ProPublica noted that when the FDA’s responsibilities expanded in the 1970s, the review times for new drug approvals began to lag to more than 35 months on the average. The AIDS crisis came soon after, leading activists to accuse the FDA of holding back cures and then press the agency for faster drug approval times. One of the then activists, now an assistant professor of epidemiology at Yale, said they were desperate back then and naively thought there were drugs behind the FDA approval curtain being held back by its slow process. “Thirty years of our rash thinking has led us to a place where we know less and less about the drugs that we pay more and more for.”

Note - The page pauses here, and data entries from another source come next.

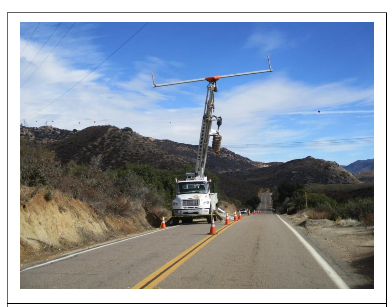
Photo 6: In accordance with APM TRANS-02, Pro Traffic flaggers closed one lane of Lyons Valley Road to allow the staging of a PAR guard structure during fiber optic stringing between Z571432 and Z571451 (TL 6957).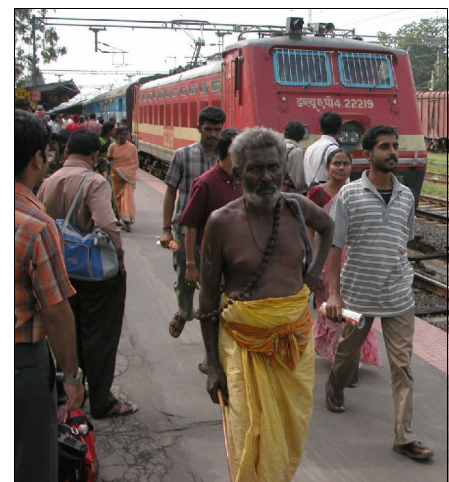
Hindu priest collecting alms for a safe journey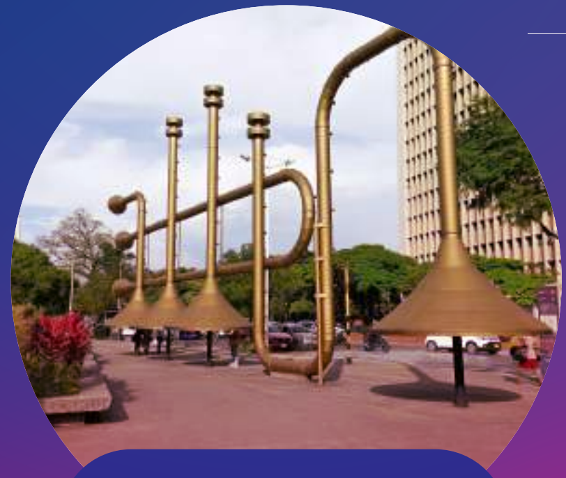
JAIRO VARELA Square

This traditional city area hosts restaurants offering a fusion of our Valluno cuisine and international flavors. Dine at Odiseo, Cantina la 15, Storia D'Amore, or Cuatro Monos for a delightful experience.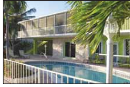
OWN YOUR OWN KEYS POOL HOME THIS SUMMER! Several great pool homes to choose from. Great for family fun and entertaining. Call to make an appointment

The activists’ protests helped bring about the Prescription Drug User Fee Act in 1992, which began drug industry contributions to fund FDA salaries. In return, the FDA promised to speed up review times for drugs—within 12 months for normal applications, and 6 months for priority cases. You can probably guess what happened. The more the FDA relied upon industry fees to pay for drug reviews, the greater was its tendency towards approval. “The virginity was lost in ’92,” according to Jerry Avorn, who is a professor at Harvard Medical School. “Once you have that paying relationship, it creates a dynamic that’s not a healthy one.”

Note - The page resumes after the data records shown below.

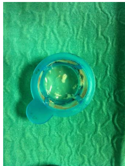
Picture 1 – White thrombus is mainly composed of platelets and small number of fibrin, red cells and leukocytes it is known as s arterial thrombus

Besides the presence of "scavenger" cells (cells that collect cellular debris), the rest of the debris contributes immensely to the apoptotic cells turning into secondary necrosis that leads to additional inflammation. This creates a micro-environment where matrix degeneration predominates and deregulates the previous balance where collagen deposition allows the creation of stable coarsening. In time, as the fibrin cap weakens, the plaque destabilizes, while the mechanical structure that holds the lesion containing the necrotic core and inflammatory cells is compromised. The Brown study emphasizes that lesions in the coronary arteries are deposits of huge quantities of foamy cells and fibrous plaques. The thin fibrous plaques are 10–20% of the total plaque population and are the cause of 80–90% of clinical cases due to their ability to rupture [48]. According to virtually all the results from published studies, it has been pointed out that the plaque stability, not the absolute size, influences the rupture potential. Since the plaques form in the regions of non-lamellar blood flow, the haemodynamic factors cause mechanism stress of the plaque, creating a mechanism for endothelial erosion and an opportunity for rupture, exposing procoagulant stimuli under the endothelium (tissue factor) in the blood flow [49, 50]. (Fig. 1, Fig. 2).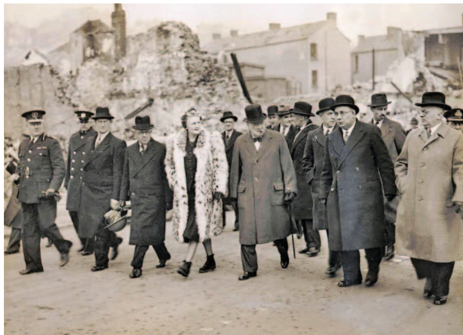
Visit by Prime Minister Churchill, 1941.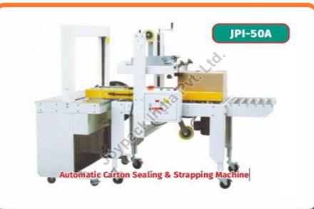
Automatic Carton Sealing and Strapping Machine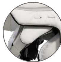
CURVED ELITE GRIP AND PROTECTION.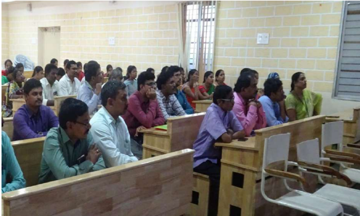
Workshop on ICT in Teaching-Learning Pedagogy on 25-03-16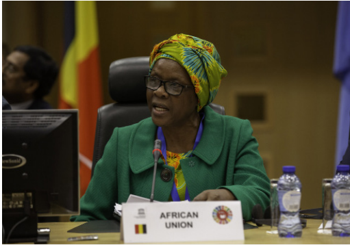
Head of Education makes presentation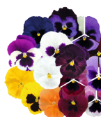
Maxi Mix VW0699R/E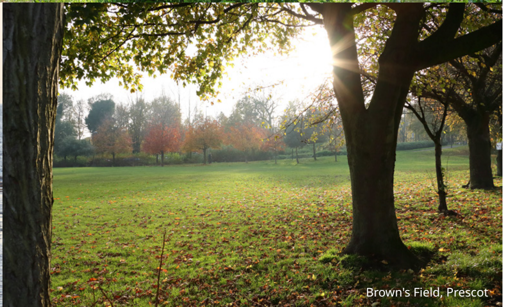
Brown's Field, Prescot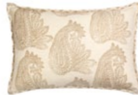
DAY GLAM PALACE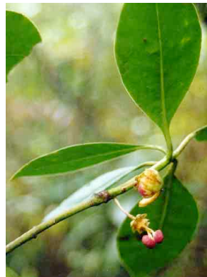
39 Ternstroemia urdanatensis THEACEAE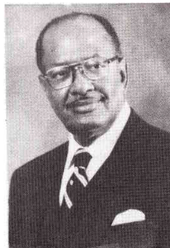
Dr. Theodore J. Jemison President, National Baptist Convention, USA Inc.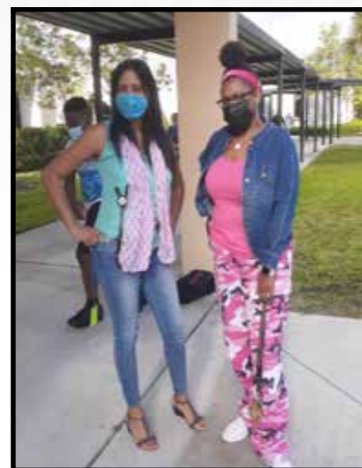
Celebrating Breast Cancer Awareness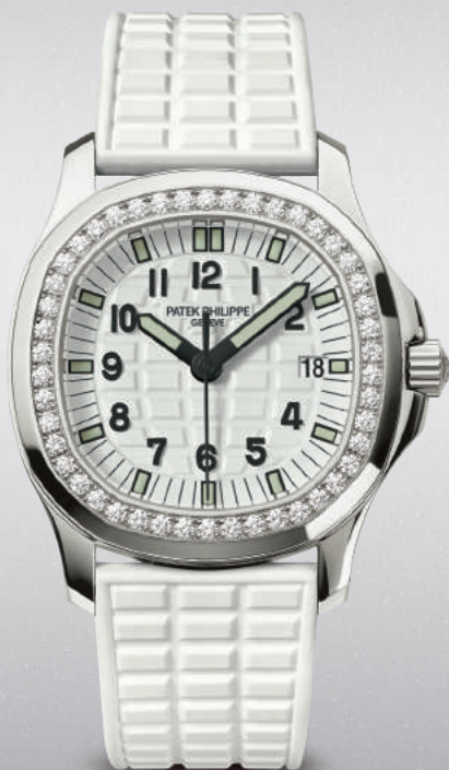
Aquanaut Luce Ref. 5067A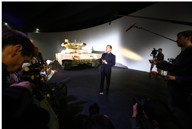
Dimitry Medvedev speaking at the expo

There are also political reasons for Putin to pour more money into the military. Putin has made many remarks about Russia's need to defend itself. By creating an atmosphere of fear and portraying himself as standing up to America and the West, Putin hopes to gain popularity. This tactic goes hand in hand with the Kremlin's frequent accusations of opposition leaders being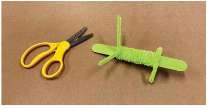
3. Use more green pipe cleaners to create the legs. Cut them to an appropriate length.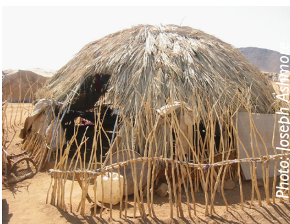
Palm leaves were distributed to 1,000 families.

With IDPs living in camps for much longer than expected, additional pressure was placed on natural resources in the area. IDPs and the host community were soon competing for scarce firewood and large areas of land near the camps were deforested.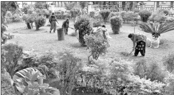
MUSS volunteers carrying out cleanliness drive.

■ STATE TIMES NEWS UDHAMPUR: As a part of cleanliness drive been launched by Manav Uttan Seva Samiti (MUSS) organized a cleanliness drive in the premises of Raj Hans Park in District Hospital Udhampur on Sunday. Later volunteers also removed the herbs and decaying bushes and weeds from Venus Chowk park.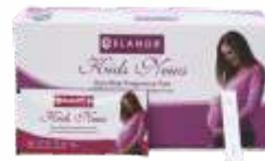
Pregnancy Test Card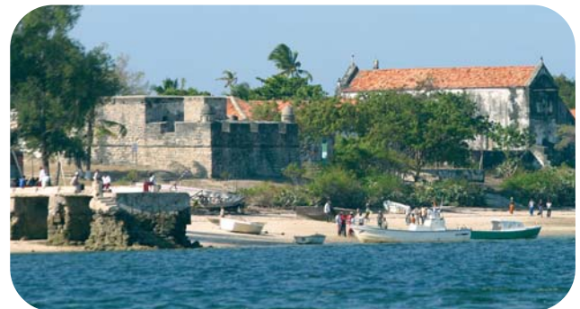
View of Ibo Island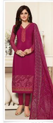
STYLE NO. 7906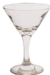
Martini Glass 1.5 oz (14 cl) Stock Code: C1020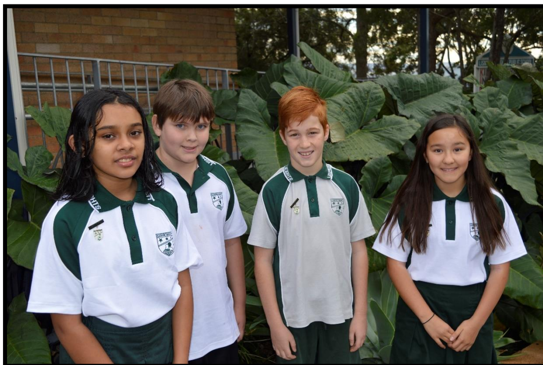
Above: Lismore Heights Public School Captains and Vice Captains 2021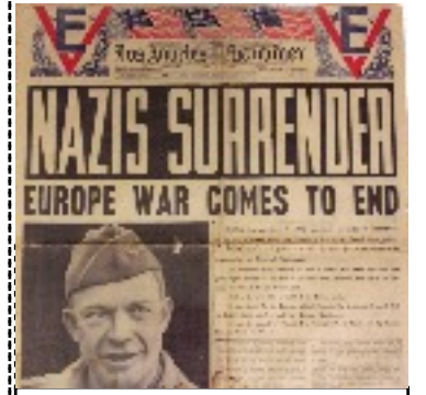
Germany surrenders 07/05/1945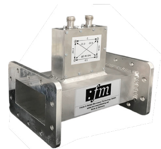
Directional Coupler R26 FM-HLR26FD00200FDGX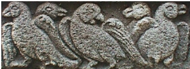
Borobudur / Detail of frieze depicting parrots

From the tenth and eleventh centuries, we can make out certain changes. In China, the period known as the Five Dynasties (907-960 CE) was characterised by a great level of autonomy in the southern regions, which took advantage of the temporary imperial crisis. Fujian, known for some decades as the kingdom of Min, [13] took off economically, little by little preparing itself to become one of the early economic motors of Southeast Asia; while under the Southern Han (Nan Han) the Guangdong region experienced enormous development, notably in regard to metallurgical production. In the archipelago that later became the Philippines, we see the emergence of the gold-rich site of Butuan (on the north coast of Mindanao), which starts to exchange Chinese ceramics for its gold. On Java, the centre of gravity moves from the middle to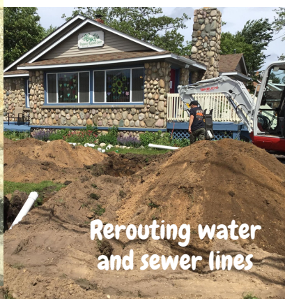
Rerouting water and sewer lines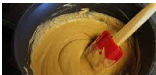
Melt peanut butter and honey on stove.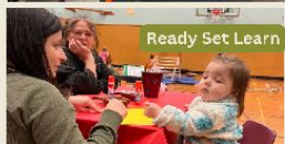
Ready Set Learn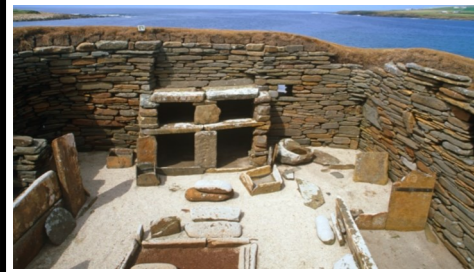
Skara Brae is a stone-built Neolithic settlement, located on the Bay of Skail on the west coast of Orkney archipelago in Scotland.

Cave paintings are a type of art, found on the wall or ceilings of caves. They are usually prehistoric origin, and the oldest known are more than 44,000 years old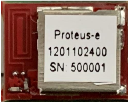
Placement of the module label

The Proteus-e label has the size of 5x5mm. It contains the device name “Proteus-e”, parts of its article number “1201102400” and the serial number of the entity. The 1201102 is the HVIN. The label is placed on the shielding of the radio module.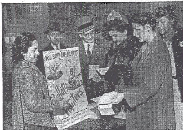
The Book and Magazine Union, Local 19, United Office and Professional Workers of America, CIO, lost no time trying to expedite ballots for New York State men and women in service. It set up a booth at 45th St. and Madison Ave. yesterday from which members distributed applications for war ballots. The applications must be signed by the serviceman and woman and sent to the State War Ballot Commission, part of the rignarole required under Gov. Dewey's involved GI-"can't-vote" law.

"It would be interesting for the American people to know whether or not Mr. Dewey is encouraging his Commissioners to deliberately issue directives calculated to injure our price-control program or whether he just doesn't know what is happening in his own state."

In 1993 Pharma funded 27% of the FDA’s scientific review budgets for branded and generic drugs. In 2017, that had increased to 75% or $905 million. Staffers know you don’t get promoted if you aren’t pro-industry. A former FDA medical team leader said: “You don’t survive as a senior official at the FDA unless you’re pro-industry.” He added the FDA has to pay attention to what Congress says, and the industry will lobby to replace you if they don’t like you. The attitude at the agency is: “Keep Congress off your back and make your life easier.”

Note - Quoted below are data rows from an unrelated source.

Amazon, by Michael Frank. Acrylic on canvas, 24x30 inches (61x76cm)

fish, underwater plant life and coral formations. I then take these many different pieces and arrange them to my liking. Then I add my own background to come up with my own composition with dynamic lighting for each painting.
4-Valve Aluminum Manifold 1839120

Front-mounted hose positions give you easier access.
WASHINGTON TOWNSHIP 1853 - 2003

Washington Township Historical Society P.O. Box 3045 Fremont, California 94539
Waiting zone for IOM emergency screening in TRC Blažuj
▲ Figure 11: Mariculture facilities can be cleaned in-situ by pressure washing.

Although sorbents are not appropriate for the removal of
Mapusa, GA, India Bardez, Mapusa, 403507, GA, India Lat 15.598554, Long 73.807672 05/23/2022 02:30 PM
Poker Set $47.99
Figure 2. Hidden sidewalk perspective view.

The FDA’s Center for Drug Evaluation and Research gives internal awards annually to review teams. Former FDA employees said they never saw an award granted to a team that rejected a drug application. Congratulatory emails are sent to review teams by higher-up administrators when a drug is approved. “Nobody gets congratulated for turning a drug down, but you get seriously questioned.” FDA rejections of all drug applications have fallen over 50% since 2008. See the following graph from the above linked article in ProPublica.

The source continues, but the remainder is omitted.